To do - Only the lines from the one that contains "Il menù offre" to the last line below, both included, should be transcribed. Pictures stay out of the copy.
• • • • • • •
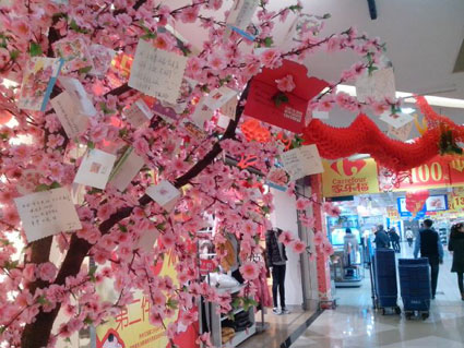 春节期间,商贸文化广场一家大型商业网点内,一家商店在店门前“栽”了一棵“许愿树”,满树正在绽放的“桃花”煞是好看,既带来了春的气息,也将环境映衬得格外清新,最重要的是,市民们可以在这棵树上许下自己的愿望。记者看到,“许愿树”上挂上了大量小卡片。
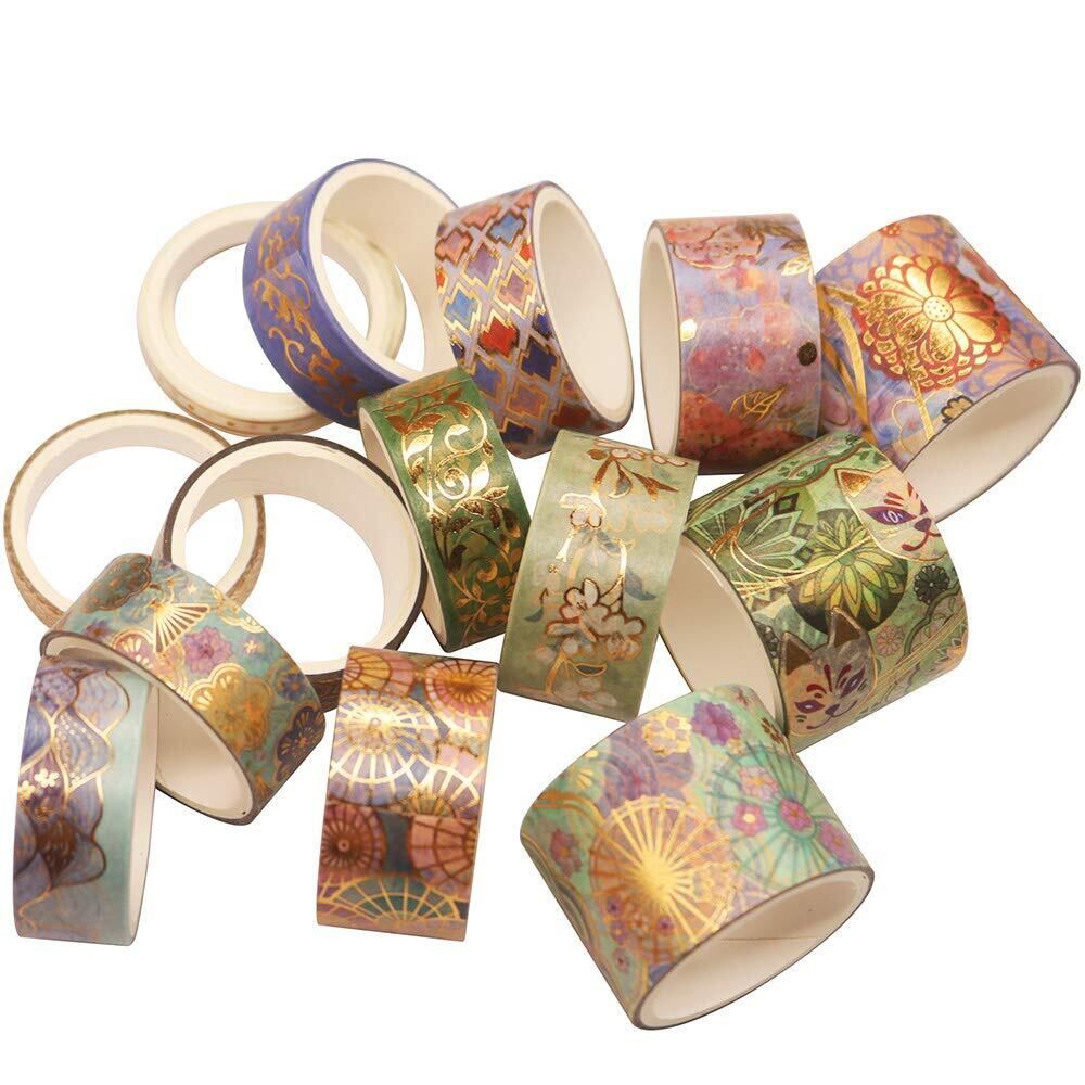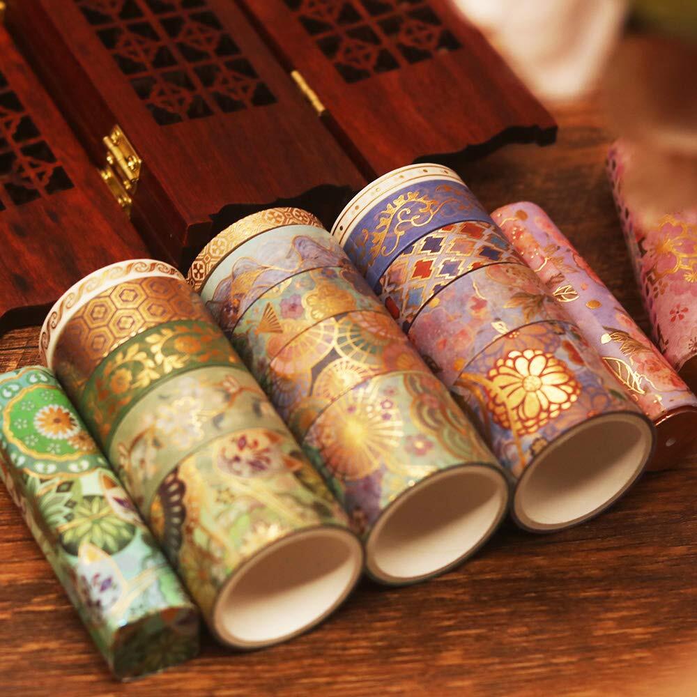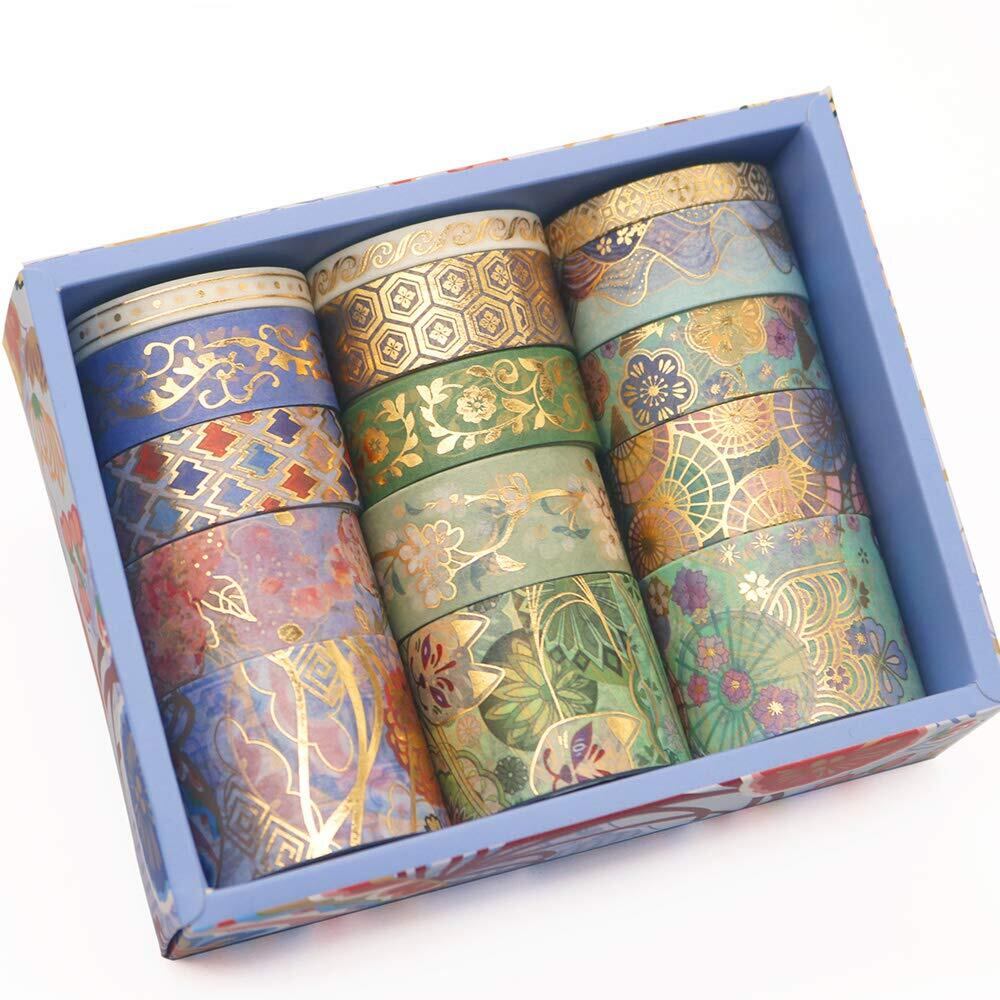 Yubbaex 豪華な刺繍模様 ワシテープ 金箔押し マスキングテープ 広い幅 共15巻 薄いです プレゼント包装、DIY工芸品、ノートの装飾に使える (素晴らしい章)
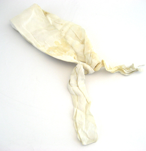 Svulstduk/ huvudduk av vitt linnetyg, vikt på mitten och knuten med två smala snibbar i vardera ände. Duken är 90 mm bred som bredast mitt på då den är vikt. Duken är i ändarna avsmalnande. Kanterna har en smal omvikt fåll, 1 mm bred. Ljusgula fläckar på duken. En orangebrun fläck mitt på i kanten. Den blodiga svulstduken bars av Karl XIV Johan under hans sjukdomstid efter slaganfallet den 18 januari 1844.
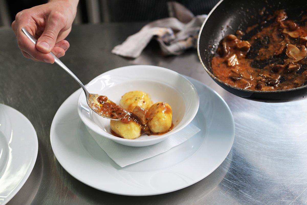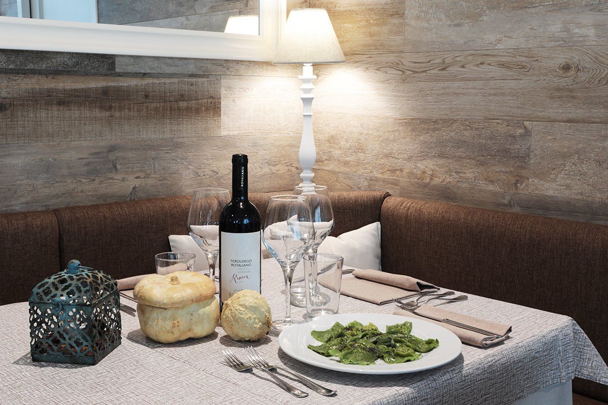 Il menù offre un'ampia scelta di pizze leggere e gustose. Il ristorante propone una cucina tipica trentina ma rivisitata in chiave personale dello chef, come il risotto ai mirtilli e porcini, specialità locale preparata a regola d'arte.
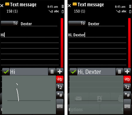 Наконец, особо пытливым предлагается в Nokia 5230 использовать функцию побуквенного распознавания рукописного текста. Однако писать каллиграфическим почерком не требуется, телефон готов учиться и довольно скоро «запоминает» руку хозяина и адекватно распознает все буквы. Так после трех дней общения с телефоном нам удалось написать от руки не просто короткое SMS, а целое письмо, пусть и небольшое. Однако нажимать кнопки виртуальной клавиатуры все же проще и быстрее. ![]()
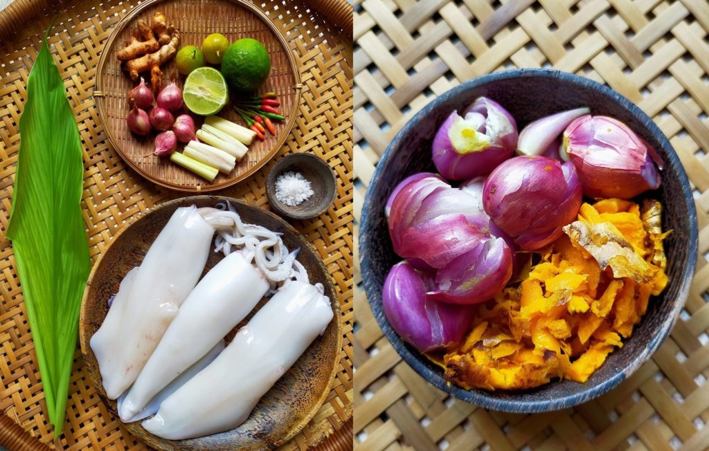 เช่นวันหนึ่ง ผมไปเห็นรูปอาหารของเพื่อนสมัยเรียนมัธยมต้น – คุณสุเจตน์ แสนคำ ผู้ซึ่งผันตัวเองไปเป็นเชฟ และเปิดร้าน Spice I Am ภัตตาคารอาหารไทยรสเลิศอยู่ที่ออสเตรเลีย เขาเผยแพร่รูป “หมึกต้มขมิ้น” แบบภูเก็ต แลดูน่ากินเป็นอันมาก ผมลองไปเสิร์ชหาในโซเชียลมีเดียดู ก็ไม่เห็นมีใครทำ พบแต่สูตรปลาต้มขมิ้น ไก่ต้มขมิ้นกันเป็นพื้น
• • • • • • •
Answer area -
 Il menù offre un'ampia scelta di pizze leggere e gustose. Il ristorante propone una cucina tipica trentina ma rivisitata in chiave personale dello chef, come il risotto ai mirtilli e porcini, specialità locale preparata a regola d'arte.
 Наконец, особо пытливым предлагается в Nokia 5230 использовать функцию побуквенного распознавания рукописного текста. Однако писать каллиграфическим почерком не требуется, телефон готов учиться и довольно скоро «запоминает» руку хозяина и адекватно распознает все буквы. Так после трех дней общения с телефоном нам удалось написать от руки не просто короткое SMS, а целое письмо, пусть и небольшое. Однако нажимать кнопки виртуальной клавиатуры все же проще и быстрее. ![]()
 เช่นวันหนึ่ง ผมไปเห็นรูปอาหารของเพื่อนสมัยเรียนมัธยมต้น – คุณสุเจตน์ แสนคำ ผู้ซึ่งผันตัวเองไปเป็นเชฟ และเปิดร้าน Spice I Am ภัตตาคารอาหารไทยรสเลิศอยู่ที่ออสเตรเลีย เขาเผยแพร่รูป “หมึกต้มขมิ้น” แบบภูเก็ต แลดูน่ากินเป็นอันมาก ผมลองไปเสิร์ชหาในโซเชียลมีเดียดู ก็ไม่เห็นมีใครทำ พบแต่สูตรปลาต้มขมิ้น ไก่ต้มขมิ้นกันเป็นพื้น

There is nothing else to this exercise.